When I’m angry it’s an out of body experience. I go from 0-60 faster than I can grasp and am making him cry before I realize what I’m doing. There is no time for me to calm down because I’m not really there. After I come out of that state (which can take up to a few hours) I realize that what I did was wrong and that I didn’t really want to hurt anyone. I was never really sorry because I always felt better after I hurt him, but I still knew that I shouldn’t have. The way that I treated him has influenced my relationship with my whole extended family in a seriously negative way, and caused people to be afraid of me/dislike me for my treatment of him.

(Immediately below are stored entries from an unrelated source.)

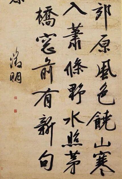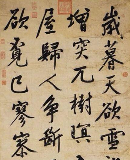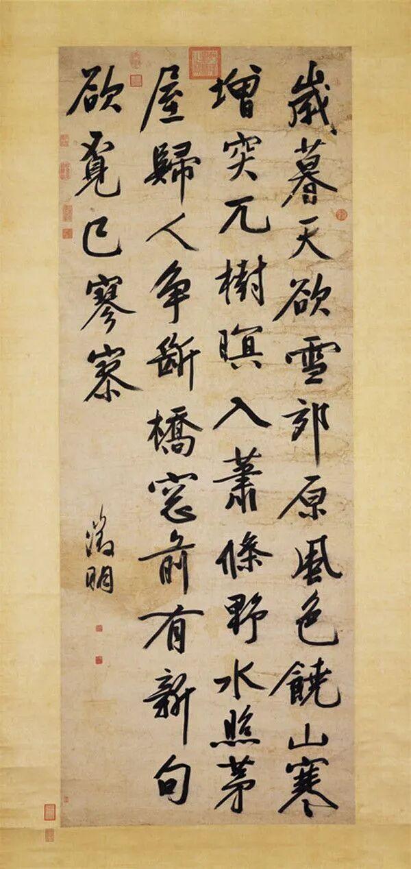 文徵明《岁末天欲雪》释文: 岁暮天欲雪,郊原风色饶。 山寒增突兀,树暝入萧条。 野水照茅屋,归人争断桥。 窗前有新句,欲觅已寥寥。 岁暮的暮色里,雪意正悄然漫过远山。寒风在旷野上打着旋儿,卷着枯草掠过郊原,连松针都凝着冰晶。远山如铁铸般冷峻,老树在暝色中愈发萧索,枝桠间漏下几缕苍青,仿佛被冻住的叹息。寒塘倒映着茅屋的剪影,檐角垂落的冰棱正将暮色割成碎片。 忽闻断桥传来踏雪声——归人踏碎薄冰,身影在暮色中匆匆如雁,衣袂间还沾着未化的霜粒。案头新句初萌,待寻时却已消散在雪意朦胧中,唯有砚池里的墨痕,还在固执地洇染着半阙残诗。 文徵明《岁暮天欲雪》行书,属其晚年成熟期风格,兼具“玉版十三行”的精雅与自身行书的温润,与诗意的萧瑟静谧高度契合。 笔法上,以中锋行笔为主,线条劲挺却无生硬感:“雪”“寒”等字的竖画挺拔如孤松,起收笔藏露结合,如“郊”字首笔露锋轻入,末笔回锋收束,显灵动意趣;转折处多圆转处理,如“树”“桥”的折笔,柔中带刚,暗合冬日郊原“风色饶”却不凛冽的意境。 结体上,字势端庄稳健,疏密对比精妙:“野水照茅屋”五字,“野”“屋”笔画疏朗,“水”“照”笔画紧凑,形成视觉节奏;字形多呈扁方,如“归”“人”,宽博舒展,消解了诗意的孤寂感。 章法上,行距宽于字距,墨色浓淡相间,偶有枯笔(如“寥寥”二字),似冬日淡墨晕染,既保持了文人书法的雅致,又以笔墨节奏呼应“天欲雪”的朦胧、“归人争断桥”的动态,实现了“诗”与“书”的浑然一体。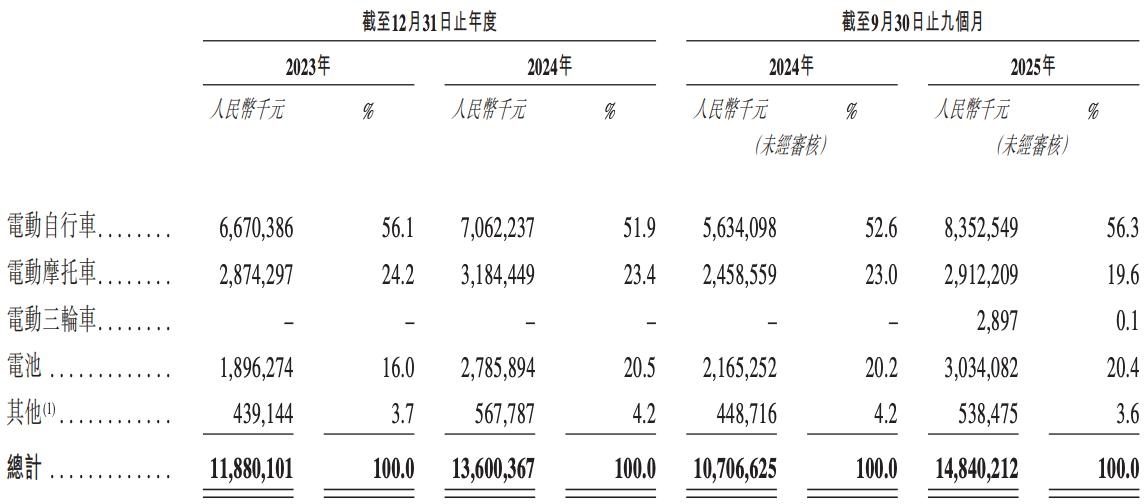 过去数年,销售电池也成为了台铃科技新的增长点。2023年、2024年度,台铃科技的电池收入分别约为18.96亿元、27.86亿元,占比分别为16.0%、20.5%。2025年前三季度,该公司的电池收入进一步增长至30.34亿元,占比维持在20.4%。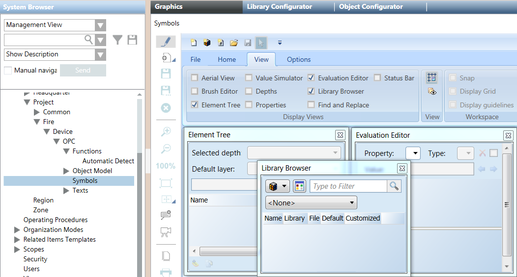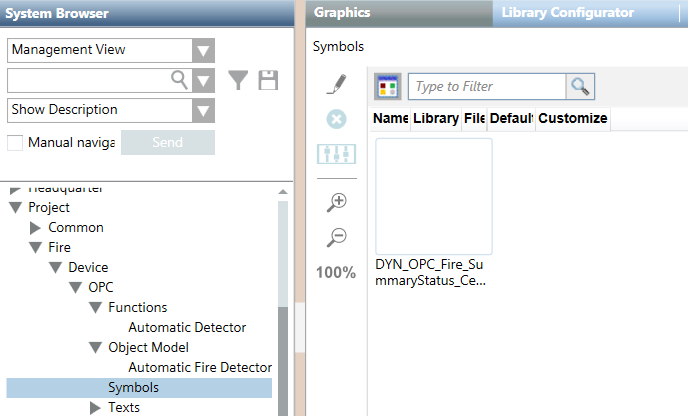 The name of the folder of the customized OPC library displays in the System Browser tree along with the folder description (for example, OPC [Fire_Device_OPC_Project_1]). c. Replace the first part of the reference with the name of the folder of the customized OPC library and the second part with the name of the renamed background image. For example, replace: Global_Base_HQ_1\DYN_All_Generic_SummaryStatus_Central_002 with: Fire_Device_OPC_Project_1\DYN_OPC_Fire_SummaryStatus_Central_002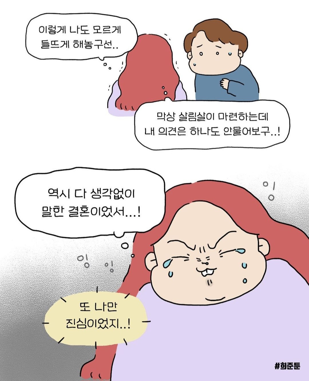 여친이 자기한테 살림살이 의견 안물어본다고 삐져서 갑자기 오열

But what no one knows is that there is no one more afraid of me than myself. When I get in that headspace it is absolutely terrifying. Other people (brother included) might hate me for the way I treat him, but I promise that no one hates me more than I do. He’s got a lot of things that I will never have, or will have to work really hard to accomplish, and I’m incredibly jealous.
I make him feel like he is completely worthless and unloved because that is how I feel about myself. I hate him because he’s what I will never be able to be and I hate that he has all the desirable traits.
You mean everything to me, that’s not the problem. The problem is that I don’t mean anywhere near as much to me as you do.